Мы прошли несколько комнат, забитых одеждой: костюмами, тогами, доспехами, платьями (почему бы и нет?) и карнавальными нарядами. Можно было одеться кем угодно – от Аполлона до панды (и снова: почему бы и нет?).
Мне жутко захотелось нарядиться Аполлоном и упиться жалостью к себе, но пришлось бы слишком долго обмазываться золотой краской. Почему все смертные думают, что я золотой? То есть, конечно, такое возможно, но блеск золота отвлекал бы внимание от моей потрясающей природной красоты. Поправка: от моей
Наконец нам попалась гардеробная с диваном. Я сдвинул гору вечерних платьев и велел Пайпер сесть. Затем достал помятый квадратик амброзии и приказал ей его съесть. (Ничего себе, оказывается, я умею командовать, когда нужно. Хотя бы этой божественной силы меня не лишили.)
Пока Пайпер жевала энергетический батончик для богов, я уныло разглядывал вешалки с дизайнерскими нарядами.
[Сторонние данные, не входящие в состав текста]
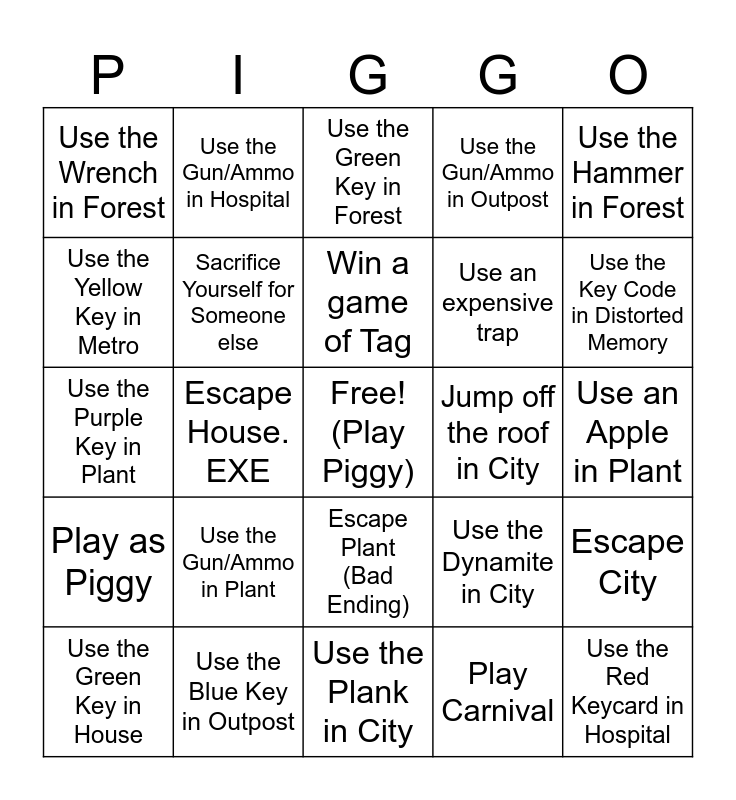 This bingo card has a free space and 277 words: Play House, Play Station, Play Gallery, Play Forest, Play School, Play Hospital, Play Metro, Play Carnival, Play City, Play Mall, Play Outpost, Play Plant, Play Distorted Memory, Play House. EXE, Jump From the 3rd Floor of House, Jump in the Goo in Station, Run into the lasers in Gallery, Jump off the Tower in Forest, Die to Doggy in Forest, Run into the lasers in School, Die to the lasers in House, Die to the Piggy in Hospital, Die to the Piggy in Metro, Die to Foxy in Carnival, Jump off the roof in City, Die to Grandmother in City, Die to Mousy in the Mall Vents, Die to the Mall's Bank lasers, Die to the lasers in Outpost, Die to the Piggy in Plant, Die to Mr. P in Plant, Get shot by Mr. P, Trip a Piggy trap, Get the same map twice in a row, Die to the lasers in Distorted Memory, Die to a Player Piggy, Die in House. EXE, Escape House, Escape Station, Escape Gallery, Escape Forest, Escape School, Escape Hospital, Escape Metro, Escape Carnival, Escape City, Escape Mall, Escape Outpost, Escape Plant (Good Ending), Escape Plant (Bad Ending), Escape Distorted Memory, Escape House. EXE, Die 3 times in a row, Trip a trap and live, Die in a Trap, Play a game with a Bot, Play a game with a Player Piggy, Play as Piggy, Play a game of Player + Bot, Play as Piggy with a Bot, Play a game of Swarm, Play a game of Infection, Play as Piggy for Infection, Play a game of Traitor, Play as the Traitor, Take out a Traitor, Play a game of Tag, Win a game of Tag, Play as a Book 1 skin, Play as an alternate Book 1 skin, Play as a Book 2 skin, Play as an alternate Book 2 skin, Play as an "Extra" Skin, Play as a "Community" Skin, As Piggy use a Tracking trap, Use Multiple survivor abilities at once, Use an expensive trap, Use an OP trap, Use a terrible trap, Kill someone in a trap, Use the Gun/Ammo in House, Use the Hammer in House, Use the Wrench in House, Use the Key Code in House, Use the Plank in House, Use the Green Gear in House, Use the Red Gear in House, Use the Red Key in House, Use the Orange Key in House, Use the Yellow Key in House, Use the Green Key in House, Use the Blue Key in House, Use the Purple Key in House, Use the White Key in House, Use the Gun/Ammo in Station, Use the Hammer in Station, Use the Wrench in Station, Use the Plank in Station, Use the Red Key in Station, Use the Orange Key in Station, Use the Yellow Key in Station, Use the Green Key in Station, Use the Blue Key in Station, Use the Purple Key in Station, Use the White Key in Station, Use a Battery in Station, Use the Gas in Station, Use the Hammer in Gallery, Use the Wrench in Gallery, Use the Plank in Gallery, Use the Red Key in Gallery, Use the Orange Key in Gallery, Use the Yellow Key in Gallery, Use the Green Key in Gallery, Use the Blue Key in Gallery, Use the Purple Key in Gallery, Use the White Key in Gallery, Use the Red Egg in Gallery, Use the Green Egg in Gallery, Use a Bone in Gallery, Use the Gun/Ammo in Forest, Use the Hammer in Forest, Use the Wrench in Forest, Use the Plank in Forest, Use the Red Key in Forest, Use the Orange Key in Forest, Use the Yellow Key in Forest, Use the Green Key in Forest, Use the Blue Key in Forest, Use the Purple Key in Forest, Use the White Key in Forest, Use the Torch in Forest, Sacrifice Yourself for Someone else, Use a Carrot in School, Use the Hammer in School, Use the Wrench in School, Use the Book in School, Use the Green Gear in School, Use the Red Gear in School, Use the Red Key in School, Use the Orange Key in School, Use the Yellow Key in School, Use the Green Key in School, Use the Blue Key in School, Use the Purple Key in School, Use the White Key in School, Use the Gun/Ammo in Hospital, Use the Hammer in Hospital, Use the Wrench in Hospital, Use the Carrot in Hospital, Use the Plank in Hospital, Use the Green Vial in Hospital, Use the Purple Vial in Hospital, Use the Red Keycard in Hospital, Use the Orange Keycard in Hospital, Use the Yellow Key in Hospital, Use the Green Keycard in Hospital, Use the Blue Keycard in Hospital, Use the Purple Key in Hospital, Use the White Key in Hospital, Use a Vial in Hospital, Use the Crossbow/Carrot in Metro, Use the Hammer in Metro, Use the Wrench in Metro, Use the Blue Keycard in Metro, Use a Coin in Metro, Use the Red Key in Metro, Use the Orange Key in Metro, Use the Yellow Key in Metro, Use the Green Key in Metro, Use the Blue Key in Metro, Use the Purple Key in Metro, Use the White Key in Metro, Use the Gun/Ammo in Carnival, Use the Hammer in Carnival, Use the Wrench in Carnival, Use the Key Code in Carnival, Use the Plank in Carnival, Use the Mallet in Carnival, Use the Water Gun in Carnival, Use the Red Key in Carnival, Use the Orange Key in Carnival, Use the Yellow Key in Carnival, Use the Green Key in Carnival, Use the Blue Key in Carnival, Use the Purple Key in Carnival, Use the White Key in Carnival, Use the Gun/Ammo in City, Use the Fire Extinguisher in City, Use the Wrench in City, Use the Key Code in City, Use the Plank in City, Use the Carrot in City, Use the Dynamite in City, Use the Red Keycard in City, Use the Orange Keycard in City, Use the Yellow Key in City, Use the Green Keycard in City, Use the Blue Keycard in City, Use the Purple Key in City, Kill Everyone as Traitor, Use the Gun/Ammo in Mall, Use the Crowbar in Mall, Use the Wrench in Mall, Use a Grass in Mall, Use the Plank in Mall, Use the Green Keycard in Mall, Use the Mirror in Mall, Use the Red Key in Mall, Use the Orange Key in Mall, Use the Yellow Key in Mall, Use the Green Key in Mall, Use the Blue Key in Mall, Use the Purple Key in Mall, Use the White Key in Mall, Use a Coin in Mall, Use the Gun/Ammo in Outpost, Use a Carrot in Outpost, Use the Wrench in Outpost, Use the Blue Keycard in Outpost, Use the Fire Extinguisher in Outpost, Use the Gas in Outpost, Use the Tank Bullet in Outpost, Use the Red Key in Outpost, Use the Orange Key in Outpost, Use the Yellow Key in Outpost, Use the Green Key in Outpost,

– Ну почему здесь нет обуви?! Это же гардероб!
– Да брось, Аполлон. – Пайпер поерзала на диване и поморщилась. – Всем известно, что для обуви нужна отдельная суперъяхта.
– Даже не понимаю, шутишь ты или нет.
Она взяла чудесное платье Стеллы Маккартни из алого шелка с глубоким вырезом:
– Симпатично.
Стиснув зубы от усилия, она достала кинжал и разрезала платье сверху донизу.
– Приятное ощущение, – заключила она.
На мой взгляд, это было глупо. Калигуле не навредишь, портя его вещи. У него было все, чего только можно пожелать. Да и Пайпер, похоже, легче не стало. Благодаря амброзии она хоть немного порозовела. Помутневшие от боли глаза прояснились. Но смотрела она так же грозно, как и ее мать, когда при ней хвалили красоту Скарлетт Йоханссон. (Совет: никогда не говорите о Скарлетт Йоханссон в присутствии Афродиты.)
– Почему ты спела наемникам именно эту песню? – осмелился спросить я. – «Жизнь-иллюзия»?